_Data extract_

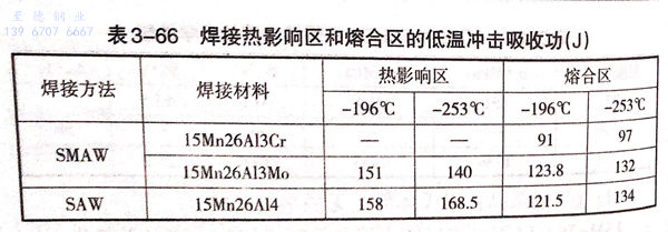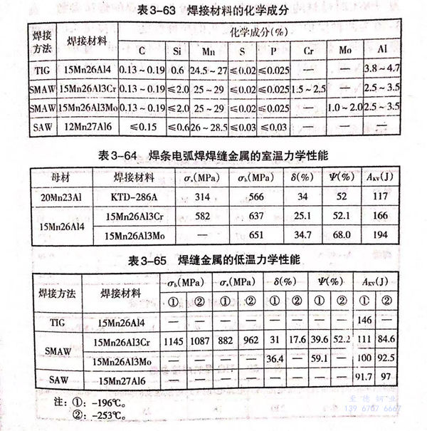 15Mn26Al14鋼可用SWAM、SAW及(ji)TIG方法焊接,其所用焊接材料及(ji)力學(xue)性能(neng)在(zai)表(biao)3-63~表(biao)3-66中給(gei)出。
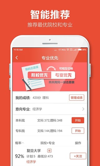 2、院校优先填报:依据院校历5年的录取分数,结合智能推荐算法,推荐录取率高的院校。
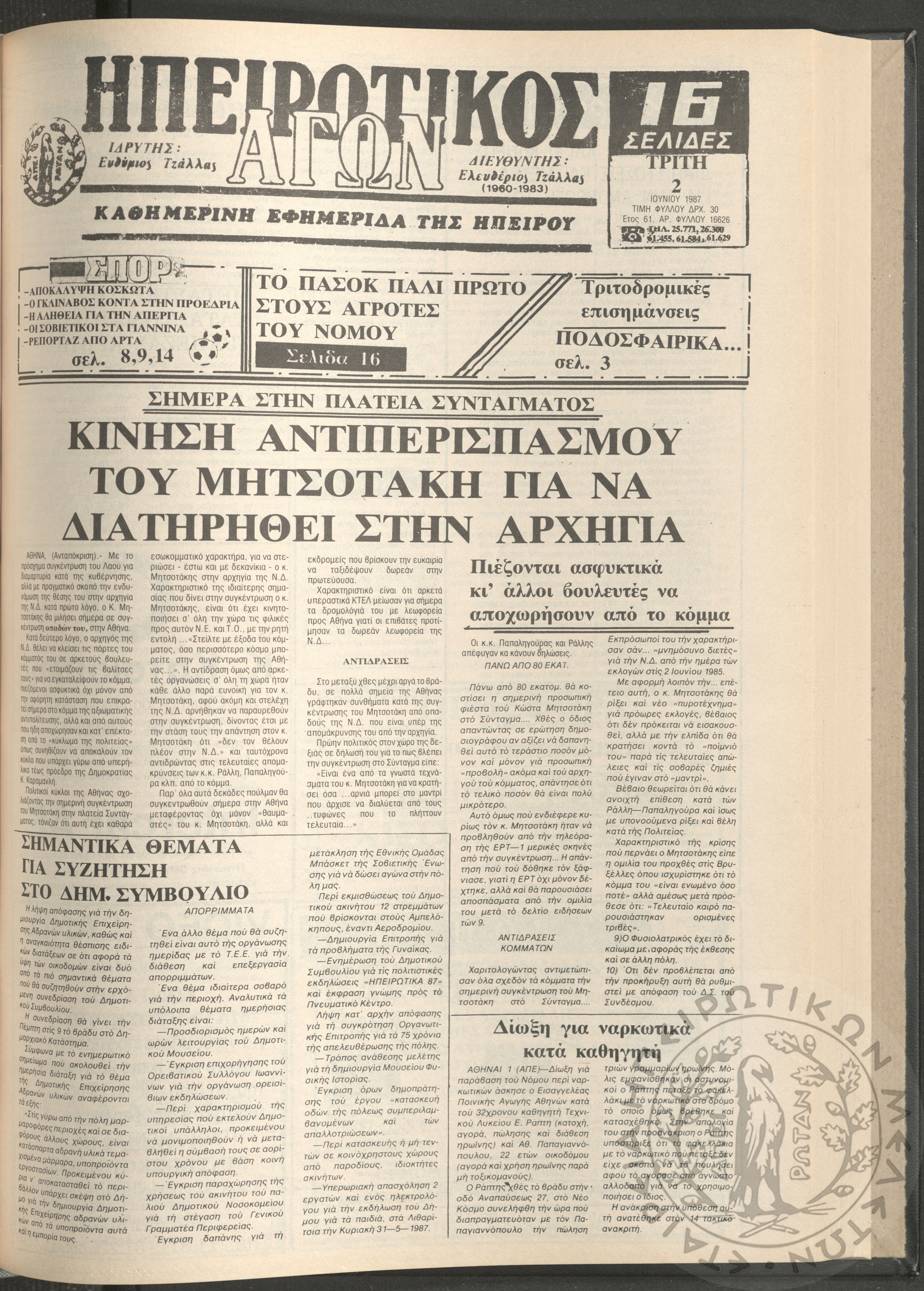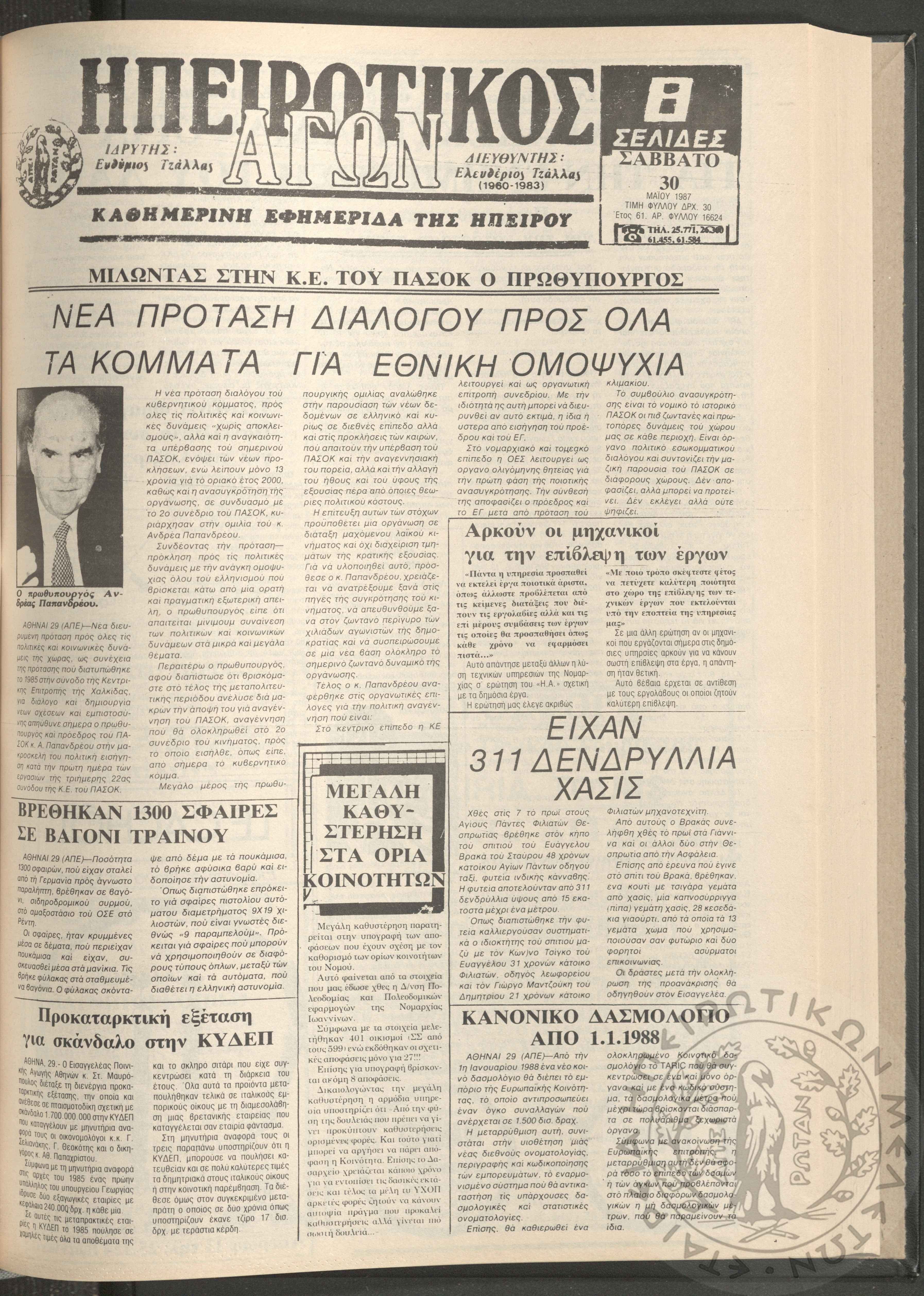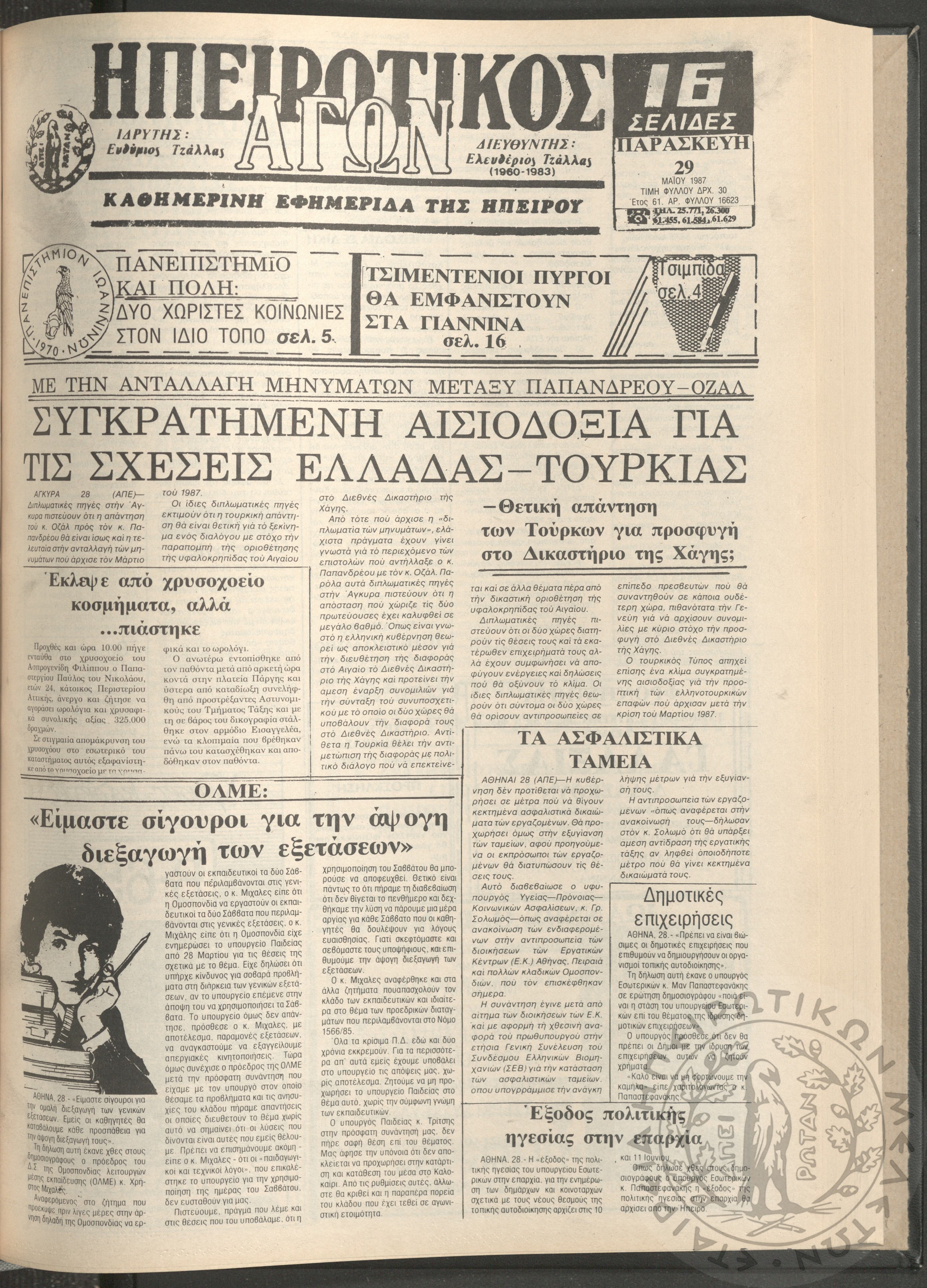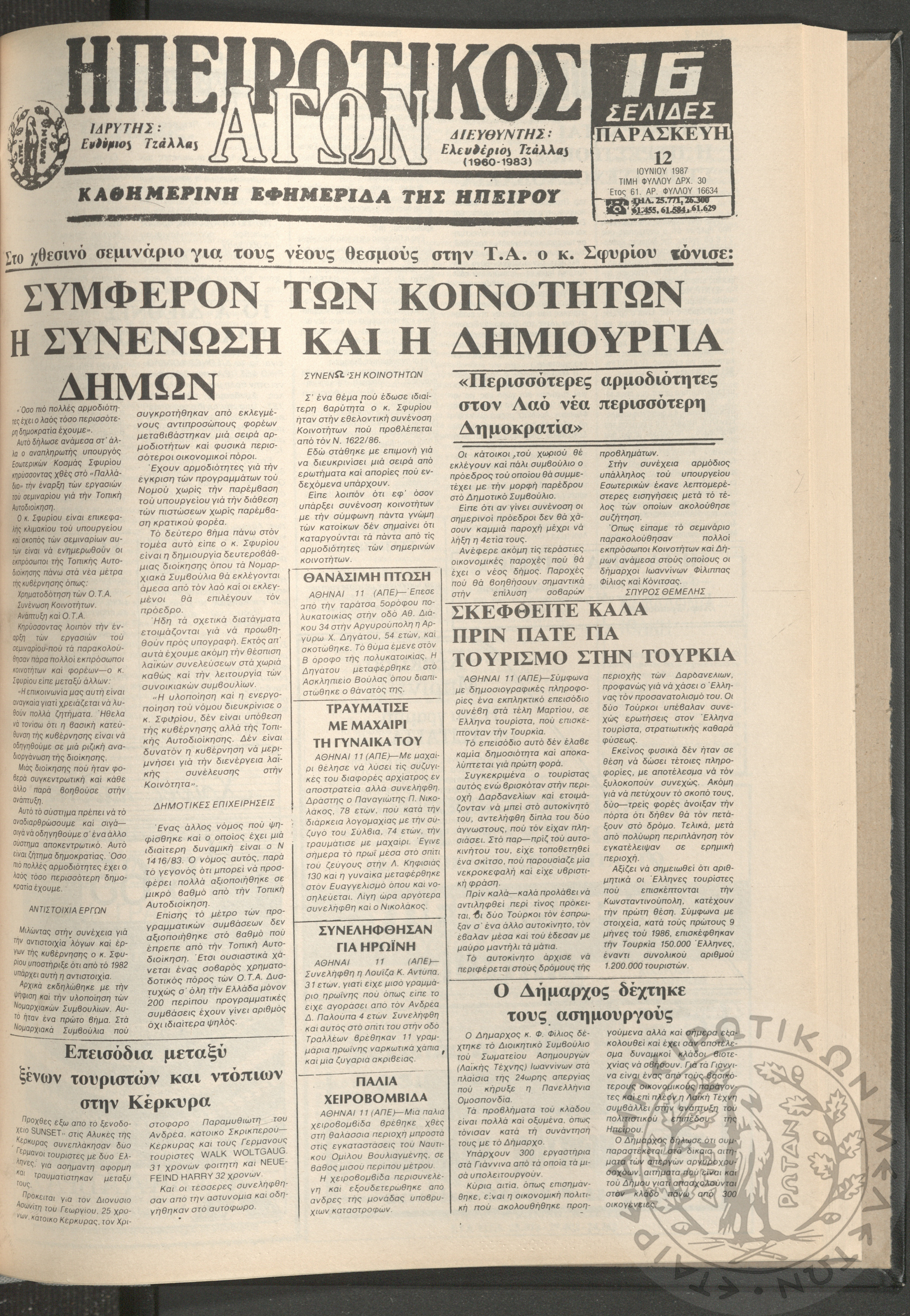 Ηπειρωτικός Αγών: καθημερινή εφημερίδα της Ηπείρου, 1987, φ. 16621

_Your instructions_
The answer must be the full listing above, copied exactly, with no pictures in it.

_Response to this exercise_
 15Mn26Al14鋼可用SWAM、SAW及(ji)TIG方法焊接,其所用焊接材料及(ji)力學(xue)性能(neng)在(zai)表(biao)3-63~表(biao)3-66中給(gei)出。
 2、院校优先填报:依据院校历5年的录取分数,结合智能推荐算法,推荐录取率高的院校。
 Ηπειρωτικός Αγών: καθημερινή εφημερίδα της Ηπείρου, 1987, φ. 16621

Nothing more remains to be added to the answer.